== Task description ==
Extract the records below word for word and ignore the images.

------------------------------------------------------------

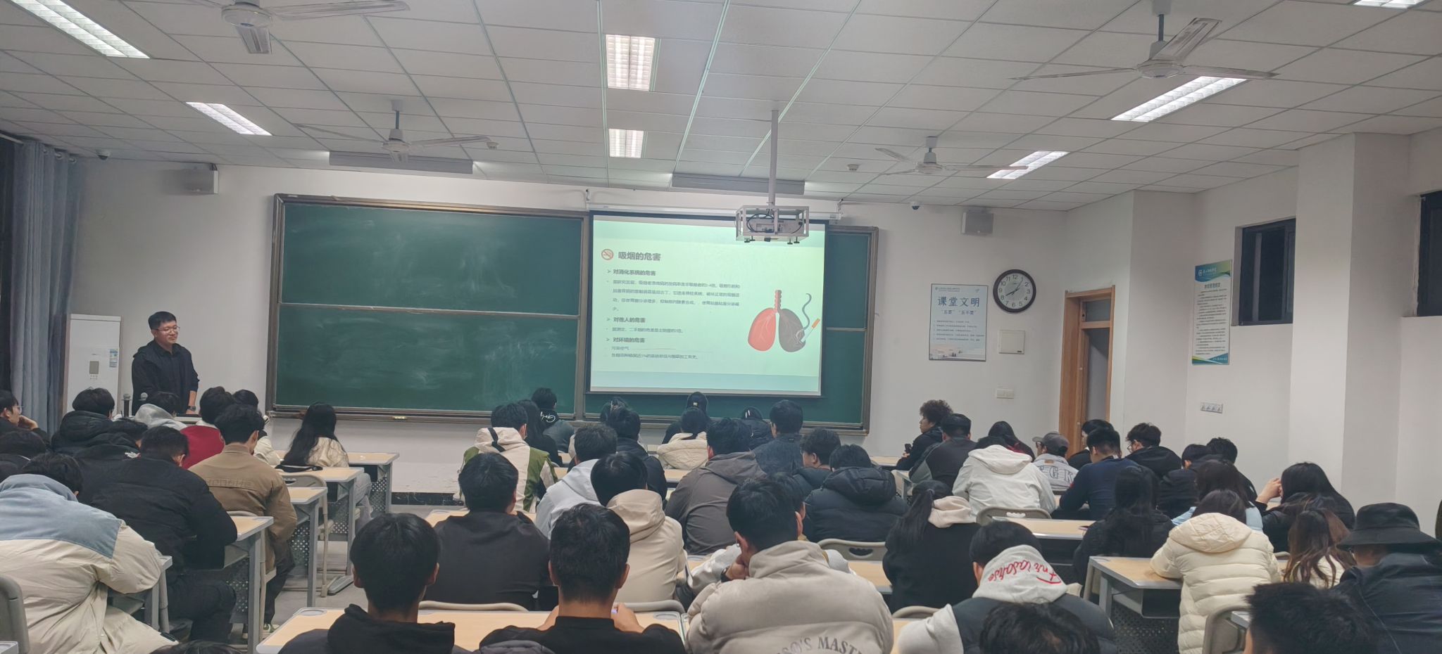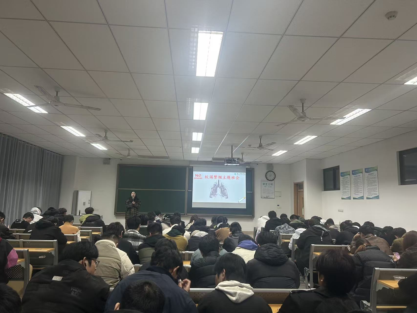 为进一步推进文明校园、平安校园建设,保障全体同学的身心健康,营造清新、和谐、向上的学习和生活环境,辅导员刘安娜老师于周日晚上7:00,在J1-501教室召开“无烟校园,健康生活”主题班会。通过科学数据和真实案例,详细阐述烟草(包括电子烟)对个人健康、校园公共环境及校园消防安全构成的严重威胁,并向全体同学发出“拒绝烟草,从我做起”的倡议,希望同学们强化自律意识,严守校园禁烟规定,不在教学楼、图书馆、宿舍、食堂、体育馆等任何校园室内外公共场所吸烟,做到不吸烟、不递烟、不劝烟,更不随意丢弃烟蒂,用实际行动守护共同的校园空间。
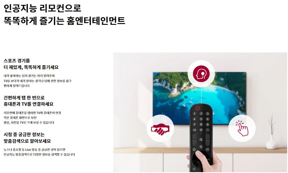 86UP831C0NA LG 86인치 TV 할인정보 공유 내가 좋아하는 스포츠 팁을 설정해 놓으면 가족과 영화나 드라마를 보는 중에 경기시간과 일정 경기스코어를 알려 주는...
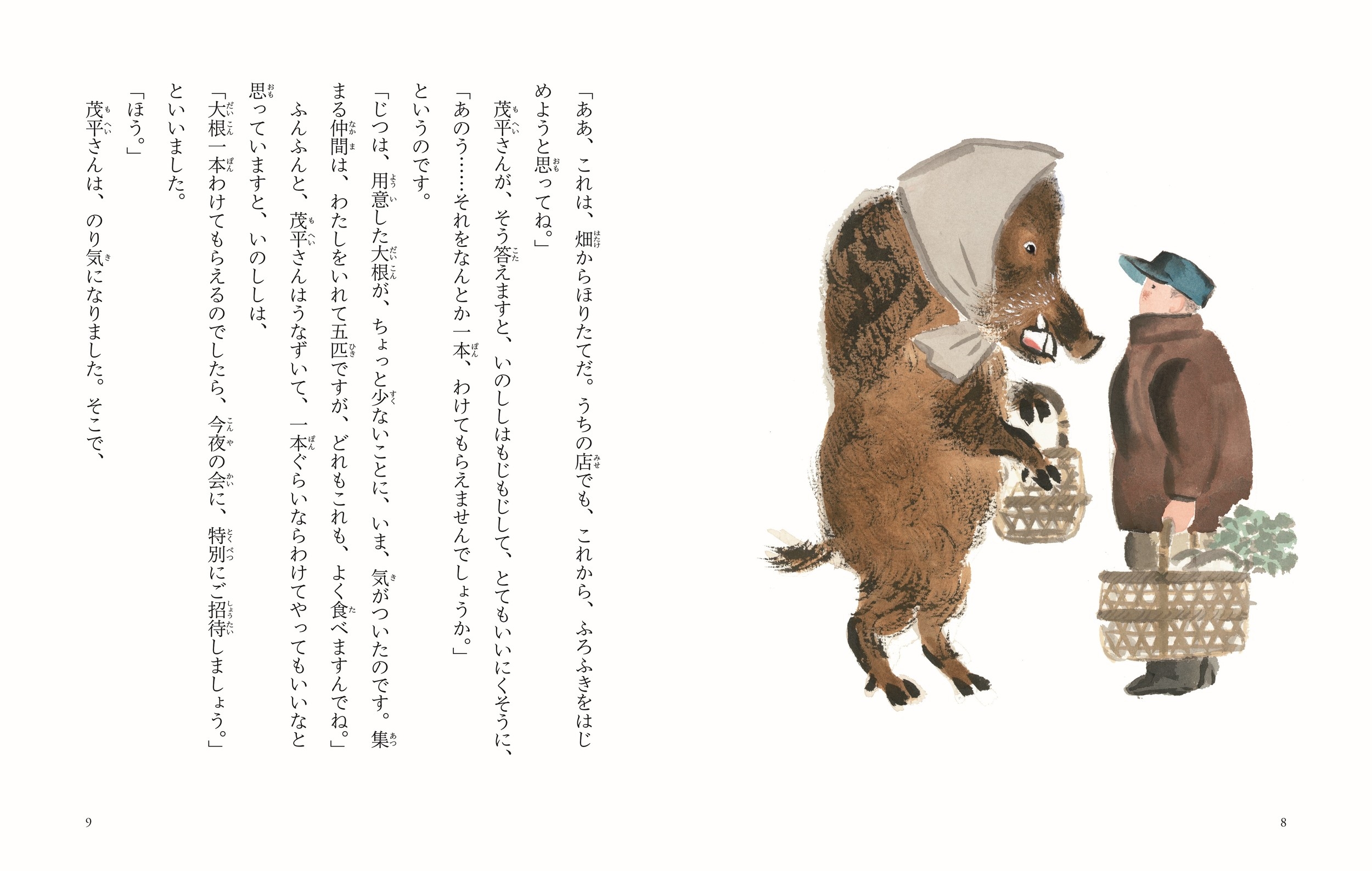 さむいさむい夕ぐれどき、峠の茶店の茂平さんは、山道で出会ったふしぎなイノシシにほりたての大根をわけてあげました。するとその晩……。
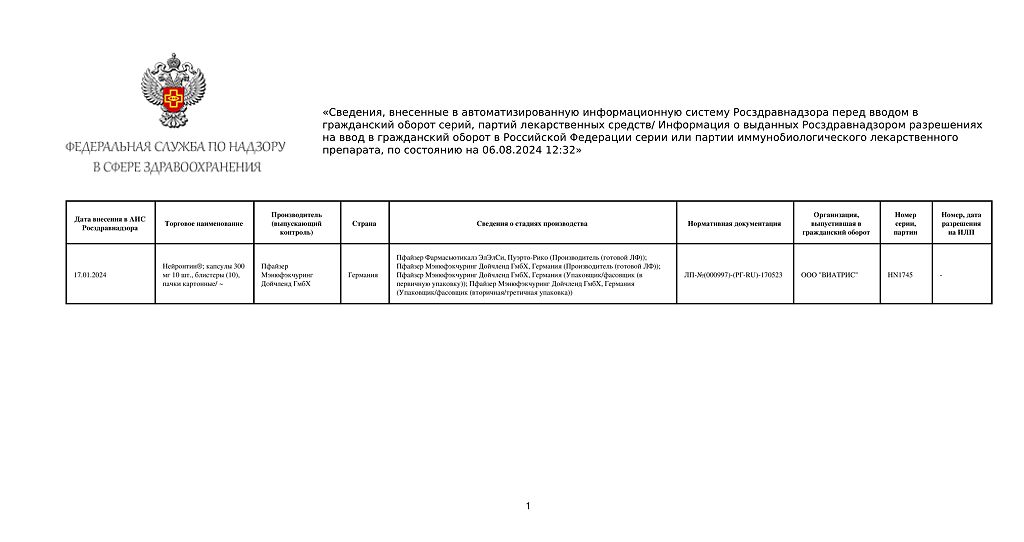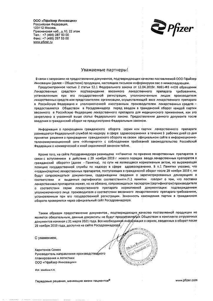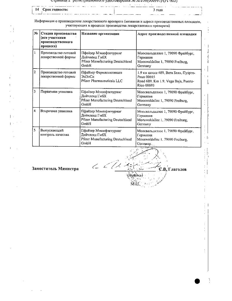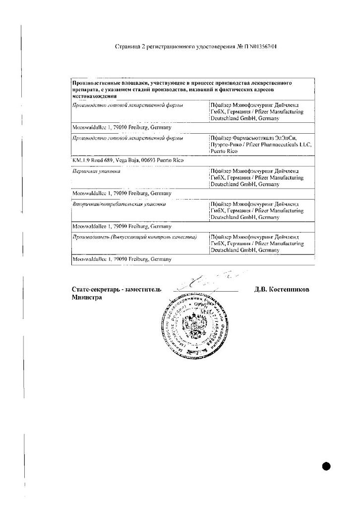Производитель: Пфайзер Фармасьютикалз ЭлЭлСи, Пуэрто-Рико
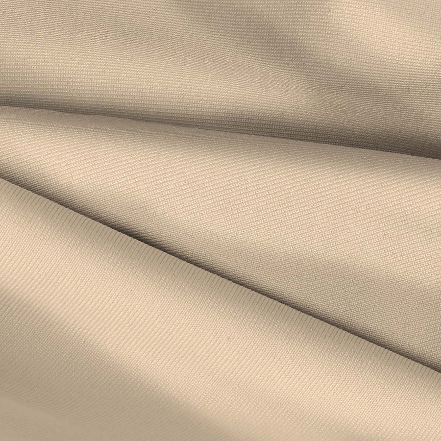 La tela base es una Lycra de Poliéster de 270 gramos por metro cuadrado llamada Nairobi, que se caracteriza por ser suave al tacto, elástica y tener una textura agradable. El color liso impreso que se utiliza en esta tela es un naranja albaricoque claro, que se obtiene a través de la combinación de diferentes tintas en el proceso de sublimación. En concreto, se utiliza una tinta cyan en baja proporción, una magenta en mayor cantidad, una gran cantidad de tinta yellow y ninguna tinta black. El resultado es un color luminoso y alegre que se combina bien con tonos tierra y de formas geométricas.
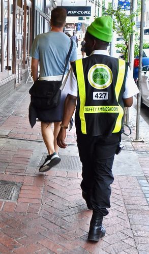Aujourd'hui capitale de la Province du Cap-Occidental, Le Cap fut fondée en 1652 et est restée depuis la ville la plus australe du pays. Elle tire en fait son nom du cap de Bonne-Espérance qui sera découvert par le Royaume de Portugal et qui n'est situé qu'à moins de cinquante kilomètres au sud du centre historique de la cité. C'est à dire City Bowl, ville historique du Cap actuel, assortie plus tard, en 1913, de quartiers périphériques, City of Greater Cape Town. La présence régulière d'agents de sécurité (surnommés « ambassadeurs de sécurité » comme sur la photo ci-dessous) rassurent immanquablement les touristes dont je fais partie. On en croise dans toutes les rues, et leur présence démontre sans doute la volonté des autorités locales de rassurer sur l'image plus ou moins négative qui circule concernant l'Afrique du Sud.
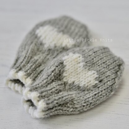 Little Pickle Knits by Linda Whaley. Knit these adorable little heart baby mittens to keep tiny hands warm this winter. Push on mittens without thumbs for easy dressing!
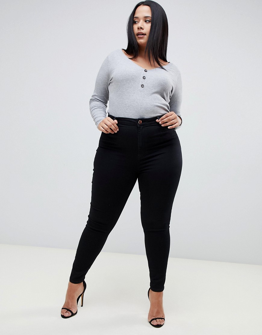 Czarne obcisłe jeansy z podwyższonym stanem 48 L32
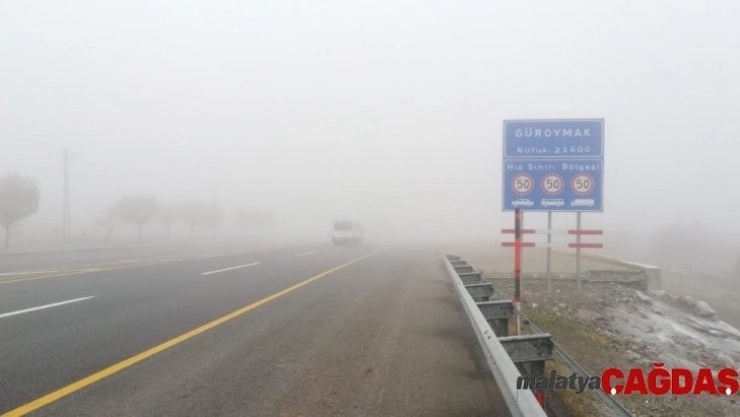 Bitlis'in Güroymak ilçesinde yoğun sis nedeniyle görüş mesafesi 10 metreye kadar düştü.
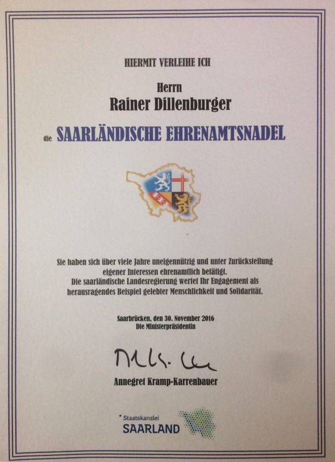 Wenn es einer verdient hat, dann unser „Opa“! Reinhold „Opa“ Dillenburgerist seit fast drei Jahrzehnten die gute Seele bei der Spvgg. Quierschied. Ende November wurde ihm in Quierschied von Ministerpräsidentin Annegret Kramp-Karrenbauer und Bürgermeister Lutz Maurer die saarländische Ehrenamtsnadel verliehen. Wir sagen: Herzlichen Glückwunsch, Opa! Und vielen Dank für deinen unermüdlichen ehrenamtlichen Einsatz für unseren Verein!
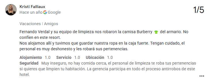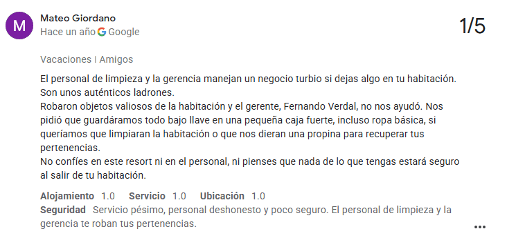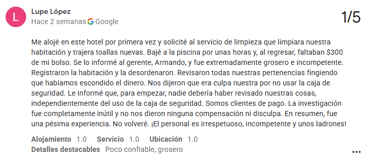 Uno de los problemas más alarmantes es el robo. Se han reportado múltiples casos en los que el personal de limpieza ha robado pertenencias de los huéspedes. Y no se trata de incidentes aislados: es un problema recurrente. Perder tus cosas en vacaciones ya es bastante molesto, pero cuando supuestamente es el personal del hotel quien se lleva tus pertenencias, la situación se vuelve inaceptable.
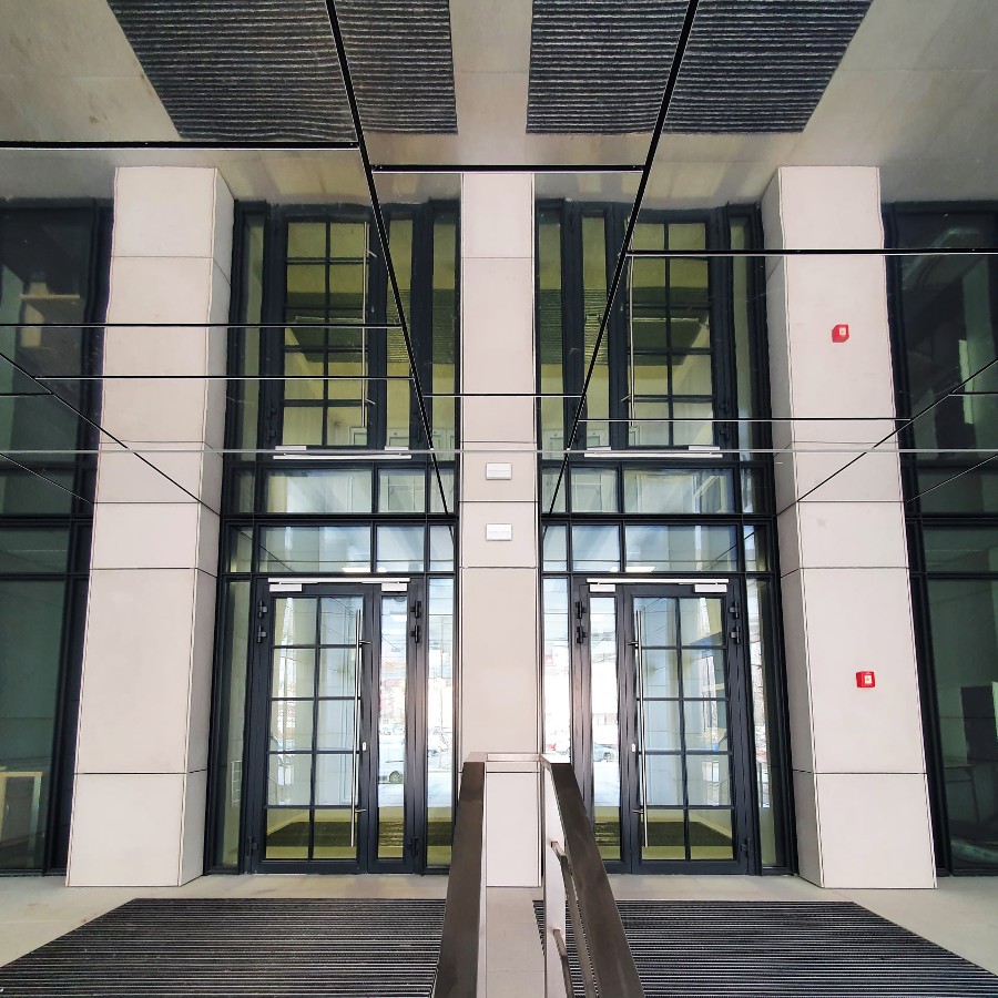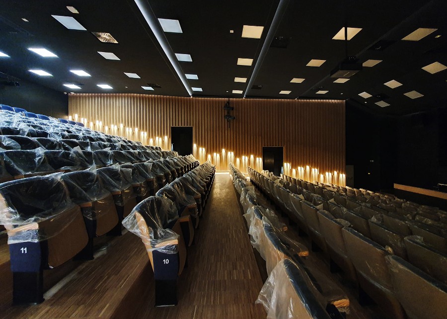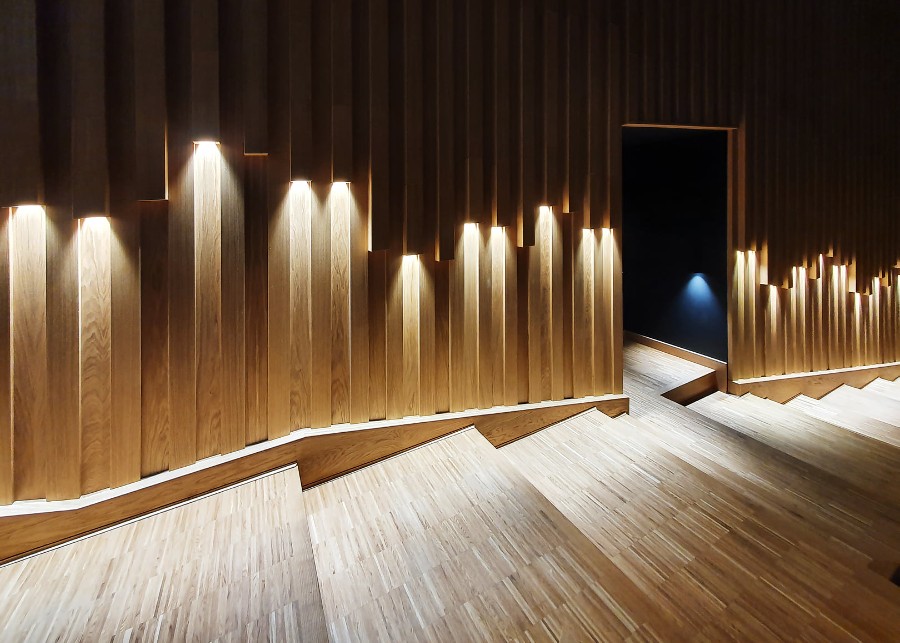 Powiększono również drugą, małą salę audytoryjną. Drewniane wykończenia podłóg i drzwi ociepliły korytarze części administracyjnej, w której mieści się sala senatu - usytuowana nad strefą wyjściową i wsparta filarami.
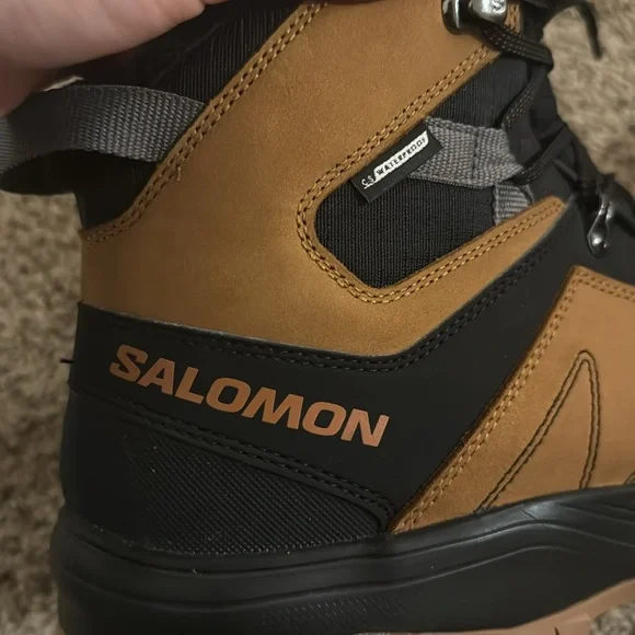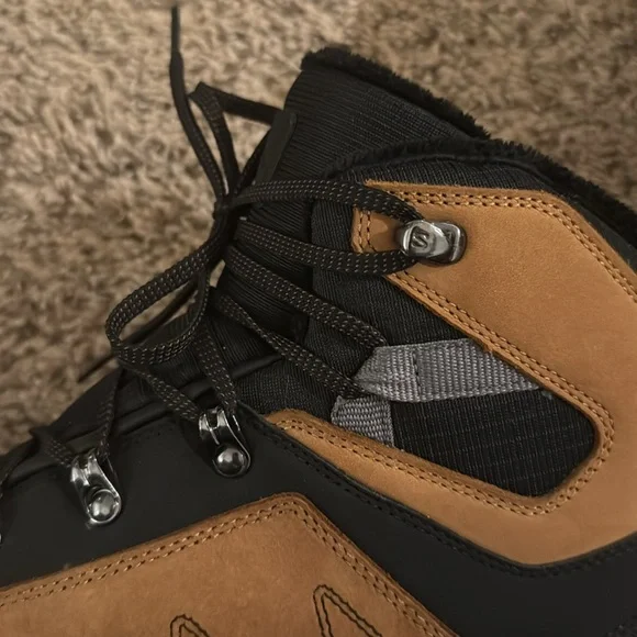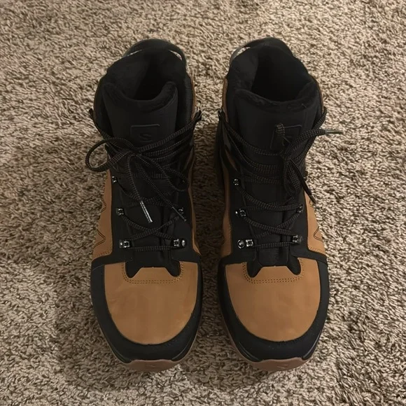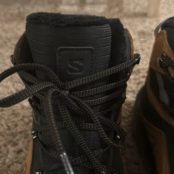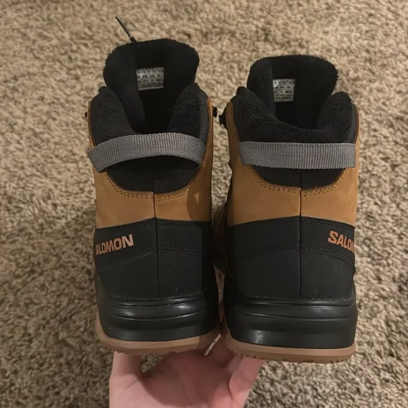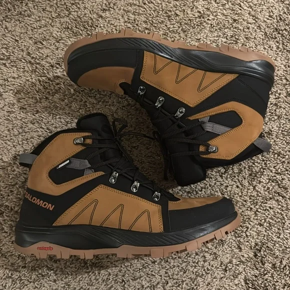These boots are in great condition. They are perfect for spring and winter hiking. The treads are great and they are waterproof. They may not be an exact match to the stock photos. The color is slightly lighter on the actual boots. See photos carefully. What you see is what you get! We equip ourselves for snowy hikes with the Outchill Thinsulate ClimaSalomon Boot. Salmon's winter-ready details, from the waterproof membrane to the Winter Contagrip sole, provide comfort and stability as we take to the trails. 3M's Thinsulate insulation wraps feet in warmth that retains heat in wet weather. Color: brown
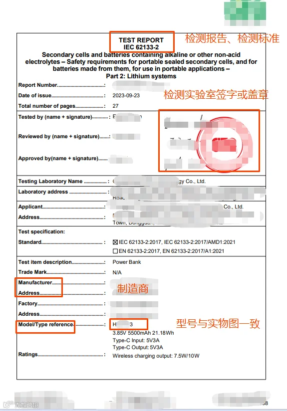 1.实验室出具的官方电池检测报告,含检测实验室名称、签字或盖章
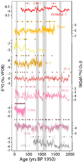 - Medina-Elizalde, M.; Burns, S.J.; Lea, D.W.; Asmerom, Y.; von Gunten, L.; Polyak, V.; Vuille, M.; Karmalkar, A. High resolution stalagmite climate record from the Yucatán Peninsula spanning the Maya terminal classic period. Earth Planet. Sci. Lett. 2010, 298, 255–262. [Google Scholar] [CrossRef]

------------------------------------------------------------

== Your response ==
 为进一步推进文明校园、平安校园建设,保障全体同学的身心健康,营造清新、和谐、向上的学习和生活环境,辅导员刘安娜老师于周日晚上7:00,在J1-501教室召开“无烟校园,健康生活”主题班会。通过科学数据和真实案例,详细阐述烟草(包括电子烟)对个人健康、校园公共环境及校园消防安全构成的严重威胁,并向全体同学发出“拒绝烟草,从我做起”的倡议,希望同学们强化自律意识,严守校园禁烟规定,不在教学楼、图书馆、宿舍、食堂、体育馆等任何校园室内外公共场所吸烟,做到不吸烟、不递烟、不劝烟,更不随意丢弃烟蒂,用实际行动守护共同的校园空间。
 86UP831C0NA LG 86인치 TV 할인정보 공유 내가 좋아하는 스포츠 팁을 설정해 놓으면 가족과 영화나 드라마를 보는 중에 경기시간과 일정 경기스코어를 알려 주는...
 さむいさむい夕ぐれどき、峠の茶店の茂平さんは、山道で出会ったふしぎなイノシシにほりたての大根をわけてあげました。するとその晩……。
Производитель: Пфайзер Фармасьютикалз ЭлЭлСи, Пуэрто-Рико
 La tela base es una Lycra de Poliéster de 270 gramos por metro cuadrado llamada Nairobi, que se caracteriza por ser suave al tacto, elástica y tener una textura agradable. El color liso impreso que se utiliza en esta tela es un naranja albaricoque claro, que se obtiene a través de la combinación de diferentes tintas en el proceso de sublimación. En concreto, se utiliza una tinta cyan en baja proporción, una magenta en mayor cantidad, una gran cantidad de tinta yellow y ninguna tinta black. El resultado es un color luminoso y alegre que se combina bien con tonos tierra y de formas geométricas.
Aujourd'hui capitale de la Province du Cap-Occidental, Le Cap fut fondée en 1652 et est restée depuis la ville la plus australe du pays. Elle tire en fait son nom du cap de Bonne-Espérance qui sera découvert par le Royaume de Portugal et qui n'est situé qu'à moins de cinquante kilomètres au sud du centre historique de la cité. C'est à dire City Bowl, ville historique du Cap actuel, assortie plus tard, en 1913, de quartiers périphériques, City of Greater Cape Town. La présence régulière d'agents de sécurité (surnommés « ambassadeurs de sécurité » comme sur la photo ci-dessous) rassurent immanquablement les touristes dont je fais partie. On en croise dans toutes les rues, et leur présence démontre sans doute la volonté des autorités locales de rassurer sur l'image plus ou moins négative qui circule concernant l'Afrique du Sud.
 Little Pickle Knits by Linda Whaley. Knit these adorable little heart baby mittens to keep tiny hands warm this winter. Push on mittens without thumbs for easy dressing!
 Czarne obcisłe jeansy z podwyższonym stanem 48 L32
 Bitlis'in Güroymak ilçesinde yoğun sis nedeniyle görüş mesafesi 10 metreye kadar düştü.
 Wenn es einer verdient hat, dann unser „Opa“! Reinhold „Opa“ Dillenburgerist seit fast drei Jahrzehnten die gute Seele bei der Spvgg. Quierschied. Ende November wurde ihm in Quierschied von Ministerpräsidentin Annegret Kramp-Karrenbauer und Bürgermeister Lutz Maurer die saarländische Ehrenamtsnadel verliehen. Wir sagen: Herzlichen Glückwunsch, Opa! Und vielen Dank für deinen unermüdlichen ehrenamtlichen Einsatz für unseren Verein!
 Uno de los problemas más alarmantes es el robo. Se han reportado múltiples casos en los que el personal de limpieza ha robado pertenencias de los huéspedes. Y no se trata de incidentes aislados: es un problema recurrente. Perder tus cosas en vacaciones ya es bastante molesto, pero cuando supuestamente es el personal del hotel quien se lleva tus pertenencias, la situación se vuelve inaceptable.
 Powiększono również drugą, małą salę audytoryjną. Drewniane wykończenia podłóg i drzwi ociepliły korytarze części administracyjnej, w której mieści się sala senatu - usytuowana nad strefą wyjściową i wsparta filarami.
These boots are in great condition. They are perfect for spring and winter hiking. The treads are great and they are waterproof. They may not be an exact match to the stock photos. The color is slightly lighter on the actual boots. See photos carefully. What you see is what you get! We equip ourselves for snowy hikes with the Outchill Thinsulate ClimaSalomon Boot. Salmon's winter-ready details, from the waterproof membrane to the Winter Contagrip sole, provide comfort and stability as we take to the trails. 3M's Thinsulate insulation wraps feet in warmth that retains heat in wet weather. Color: brown
 1.实验室出具的官方电池检测报告,含检测实验室名称、签字或盖章
 - Medina-Elizalde, M.; Burns, S.J.; Lea, D.W.; Asmerom, Y.; von Gunten, L.; Polyak, V.; Vuille, M.; Karmalkar, A. High resolution stalagmite climate record from the Yucatán Peninsula spanning the Maya terminal classic period. Earth Planet. Sci. Lett. 2010, 298, 255–262. [Google Scholar] [CrossRef]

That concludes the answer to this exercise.